There’s a restaurant near the entrance. Nearer to the cenotes, there’s a small shop, basic toilets and changing facilities. Lockers, life jackets and snorkelling gear can be rented. Life guards walk around; my general impression is that safety is taken seriously.
Advice numero 1: Bring bug spray! A couple of hours crawling through the dry caves left me with mozzie bites (or something similar, I never found out) on my forehead and right underneath my eyes, plus 51 of them on one leg (yes, I counted.)
Cenote Ik-Kil. I love the dramatic effect created by plants projecting from the top all the way to the water. Feels like sanctuary. And so, so beautiful.
Ik-Kil is near Chichen Itza. If you take a tour to that ancient Mayan city, a stop at Cenote Ik-Kil mght be included. I wouldn’t advise doing it that way though, since you will likely have a very limited time to swim and explore the place, and this place requires time. It’s that cool!
The waters here at Ik-Kil were sacred, so this was one of the sacrificial spots. On a more pragmatic note, it’s many slippery steps down to the water. The cenote is 40 metres deep and with a 60-metre diametre, you’ll have enough space to play around, at least now in low season.
We’re 26 metres below ground here, with the roof wide open, and sunshine flooding in through the hanging vines. Gorgeous spot! Just go!
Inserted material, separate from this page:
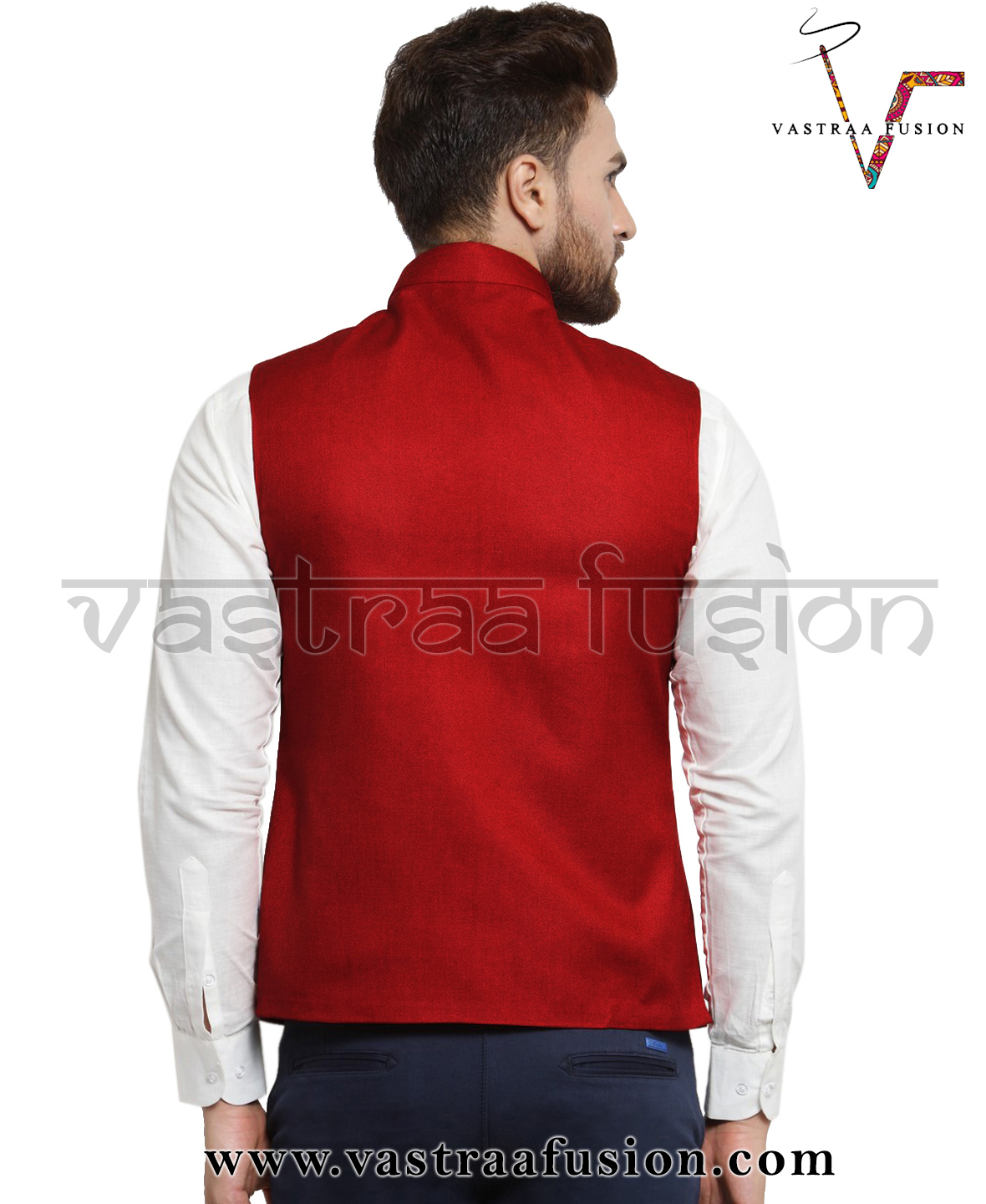 पुरुषों के लिए प्लेन फेस्टिव वियर नेहरू जैकेट - लाल रंग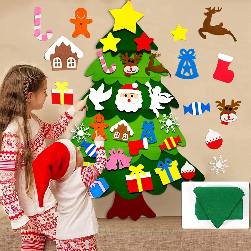 Brad Montessori din Pasla pentru Copii cu 26 Ornamente este alegerea perfecta pentru familiile care doresc un decor festiv interactiv, sigur si educational. Creat pentru micutii curiosi, acest brad din pasla transforma decorarea de Craciun intr-o activitate distractiva, educativa si 100% sigura.

And hop in! Never mind that human bones have been found at the bottom.
Note: don’t hop in from above ground! If you do, a warning sign says you ‘will be taken to the authorities’, so don’t even think about it. But hop in from the jumping platforms, 3 and 6 metres high, respectively. Or climb down one of the two ladders.
Ik-Kil is near Highway 180, about 2 km from Chichen Itza, and in the other direction, 40 km from Valladolid. Again, transport options abound: your own car, busses, taxis, colectivos.
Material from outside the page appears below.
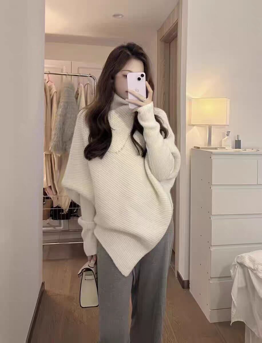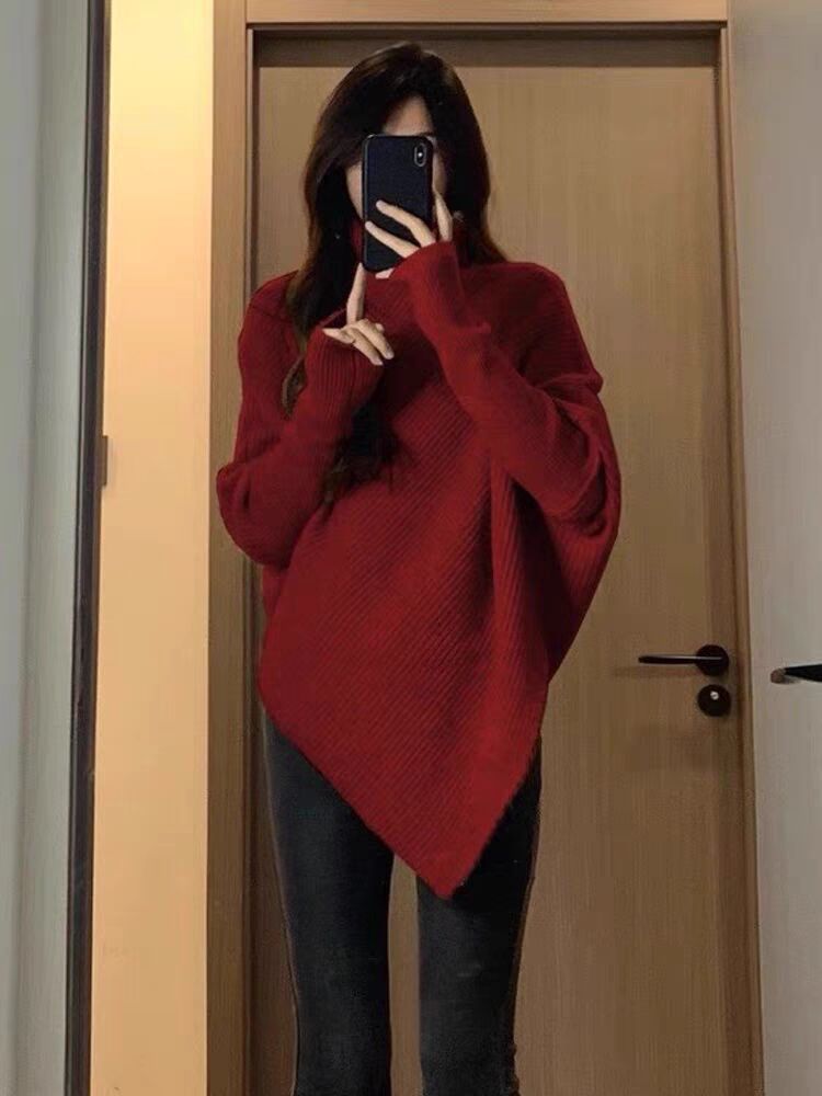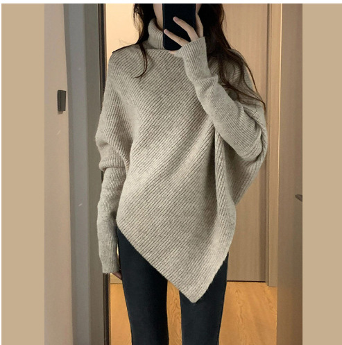 불규칙한 하이넥 스웨터 여성용 겨울 2025 신상 인기 한국 스타일 부드럽고 여유로운 외출용 니트 상의

Opening hours are 0900 – 1700; early or late is best if you want to avoid the tour busses. Entrance fee is 80 pesos (4 USD/3.5 EUR), half price for children.
This cenote has very good facilities, with clean and airy changing rooms and toilets. There’s two restaurants and a few shops/snack bars. There’s even a bungalow hotel on site, if you want an evening of peace and quiet and wild jungle creatures nearby.
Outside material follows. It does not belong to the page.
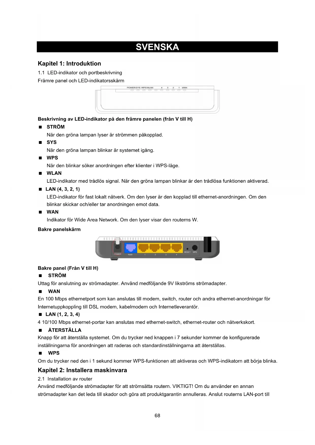 Främre panel och LED-indikatorsskärm Beskrivning av LED-indikator på den främre panelen (från V till H) STRÖM När den gröna lampan lyser är strömmen påkopplad. SYS När den gröna lampan blinkar är systemet igång. WPS När den blinkar söker anordningen efter klienter i WPS-läge. WLAN LED-indikator med trådlös signal. När den gröna lampan blinkar är den trådlösa funktionen aktiverad. LAN (4, 3, 2, 1) LED-indikator för fast lokalt nätverk. Om den lyser är den kopplad till ethernet-anordningen. Om den blinkar skickar och/eller tar anordningen emot data. WAN Indikator för Wide Area Network. Om den lyser visar den routerns W. Bakre panelskärm Bakre panel (Från V till H) STRÖM Uttag för anslutning av strömadapter. Använd medföljande 9V likströms strömadapter. WAN En 100 Mbps ethernetport som kan anslutas till modem, switch, router och andra ethernet-anordningar för Internetuppkoppling till DSL modem, kabelmodem och Internetleverantör. LAN (1, 2, 3, 4) 4 10/100 Mbps ethernet-portar kan anslutas med ethernet-switch, ethernet-router och nätverkskort. ÅTERSTÄLLA Knapp för att återställa systemet. Om du trycker ned knappen i 7 sekunder kommer de konfigurerade inställningarna för anordningen att raderas och standardinställningarna att återställas. WPS Om du trycker ned den i 1 sekund kommer WPS-funktionen att aktiveras och WPS-indikatorn att börja blinka. Kapitel 2: Installera maskinvara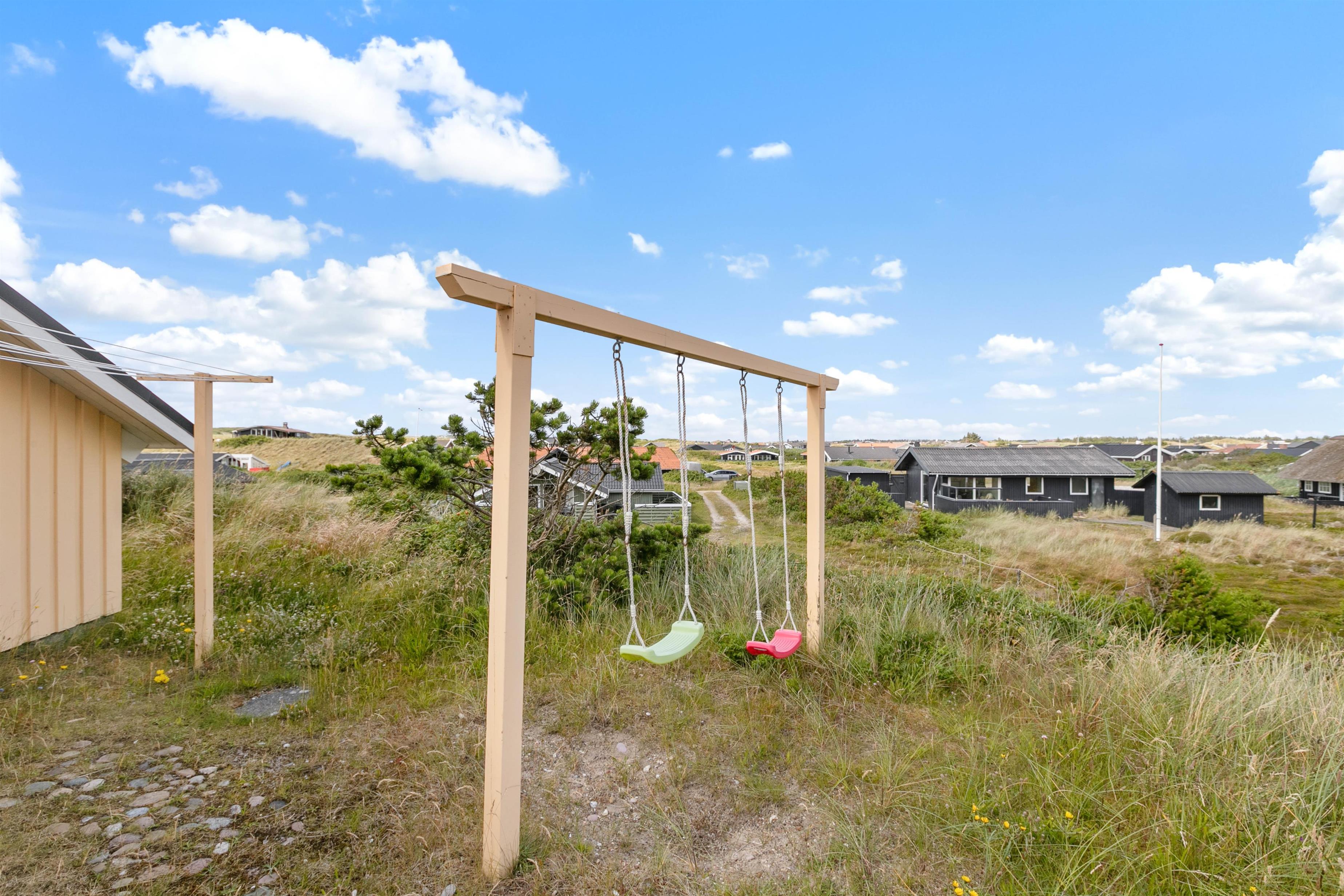 På de gode, delvist overdækkede, møblerede terrasser på den højtbeliggende naturgrund kan man rigtig nyde solen, naturen og den friske havluft. Den ene terrasse er helt lukket, hvilket særligt er praktisk for familien med småbørn. Her er det oplagt at trylle med husets grill til hyggeaftener i den skønne natur. Børnene har også mulgihed for at slå slig løs på de tilhørende gynger og i husets sandkasse.

Lockers, life jackets and even towels can be rented for 30 pesos each (USD 1.5/1.3 EUR). There’s no shallow area, but ropes to hang on to if you need a break. Or just in general. Also, life guards are on duty – for your safety, and to make sure no one touches the oh-so-tempting hanging vines.
Bonus: A cenote… in a bar?
Smack in the middle of Clan-destino, a dive bar in Tulum, you’ll find a Mayan sinkhole, with seats surrounding it for a jungly feel. Cenote de las Vírgenes, they call it – Cenote of Virgins.
donde usted podrá saltar y recuperar la virginidad, y una vez estando adentro se dará cuenta que nada ha sucedido, pero que si se le abra refrescado la parte antes mencionada.
where you can jump in and recover your virginity, and once there, you’ll realise nothing has happened, except the aforementioned part is refreshed.
And if that isn’t naff enough for you, there’s a swing above the cenote, and a kitsch chandelier. Even naffer, there’s karaoke. Can’t sing? The house Mezcal takes care of any inhibitions.
The menu consists mainly of burgers. We didn’t try the food, but the drinks were OK. However, the cenote is the main draw. So you can come for the swimming, swinging, eating and drinking.
PS Didn’t think to bring bugspray to a bar? No worries, the waiters will bring you some.